Recommended for: Development, testing, or very small deployments.

Each tracking log event that has an xAPI transform gets queued as a task. The task performs the xAPI transform and queues a second task to send the event to Ralph. Ralph checks for the existence of the event in ClickHouse before inserting. Events deemed “business critical” can be configured to be retried upon failure.

Pros:

  • Celery is a familiar technology for Open edX site operators and can be configured to run in a highly available and scalable way with multiple workers and things like AWS SQS as a backend

  • Uses exiting systems and processes, so has the least configuration

  • This is the best tested path and least likely to have surprising bugs in v1

Cons:

  • The duplication of tasks combined with the high volume of tasks and latency of making network requests for each event can quickly overwhelm Celery workers, requiring many workers to be run and causing delays for other Celery tasks

  • Other processes that spawn many or slow Celery tasks, such as re-grading a large course, or many successive course publish events for large courses, can delay event delivery

  • Downstream outages in Ralph of ClickHouse can exacerbate these issues with many pending retries piling up

  • ClickHouse is much less efficient with many small inserts, resulting in the possibility of insert delays or even errors if there are many simultaneous single row inserts

Celery tasks with batching (default from 1.0.1 and above)#

Recommended for: small-to-medium sized production deployments. This option has been load tested up to significant levels.
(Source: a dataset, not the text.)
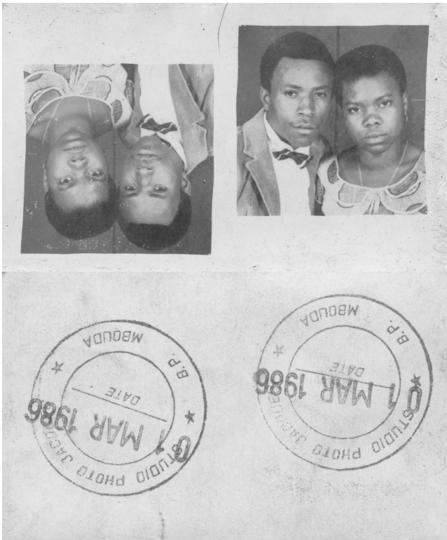
Figure 6. Photograph for a marriage certificate, 1 March 1986. EAP054_I_96_78.

When Cameroonian citizens went to a local studio photographer to have photographs taken for their national identity cards, they were literally inscribing themselves into the nation state. 26 As has been mentioned, the representation was at times changed post-mortem: the children of the deceased would often take the ID cards to another photographer (or an anthropologist) to have the photograph copied for display on the wall – it was often the only image of a deceased parent or grandparent. But uses changed before that: a photograph made for a civil marriage certificate would sometimes be put in an album or a large copy printed for display on the wall. Once taken, these images have different lives of their own. Once the negative exists in the photographer's archive, and if spare prints are held by individuals, then for all their role in state bureaucracies, the images may have a life beyond their bureaucratic uses. 27 The social lives of photographs are even more complicated than those of other things, since they are often multiple: in the case of a photograph taken for a marriage certificate (see Figure 6), the image may have many different lives in

Event-routing-backends can be configured to batch requests to Ralph, mitigating many of the issues above while still keeping the simplicity of configuration. Batching is accomplished by a “this many or this long” check, so even on low traffic deployments events will only be delayed by a fixed amount of time. In load testing, batching at up to 1000 events allowed for loads over 50 events/sec on a single worker, which is enough for most production instances.

Pros:

  • The same as Celery above

  • Far fewer Celery tasks, reducing issues around worker contention and task delays, and greatly improved performance

  • Downstream outages have less impact

  • Much better resource utilization for ClickHouse

Cons:

  • Transformed events are stored in redis while waiting to be sent, increasing redis traffic and potential loss of events in a redis outage

  • Batching is not as well tested (as of Redwood) and may have edge cases until it has been used in production

Vector#

Recommended for: Resource-constrained Tutor local environments, experienced operators on larger deployments.

Vector is a log forwarding service that monitors the logs from docker containers or Kubernetes pods. It writes events directly to ClickHouse and automatically batches events based on volume. The LMS can be configured to transform and log xAPI events in-process and Vector will pick them up by reading the logs.

Pros:

  • Removes the need to run or scale Ralph

  • Automatic batching adjustments

  • Fastest delivery times to ClickHouse

  • Vector failures do not impact other systems

Cons:

  • It is a new service for most operators

  • Events are not de-duplicated before insert, which can result in some (mostly temporary) incorrect data in a disaster recovery

  • Disaster recovery hasn’t been tested with Aspects yet

  • Needs a pod run for every LMS or CMS Kubernetes worker

  • When run in-process, adds a small amount of overhead to any LMS request that sends an xAPI statement

Event Bus (experimental)#

Recommended for: Large-to-very-large instances, adventurous site operators, installations that already have Kafka or advanced use cases that can benefit from a multi-consumer architecture.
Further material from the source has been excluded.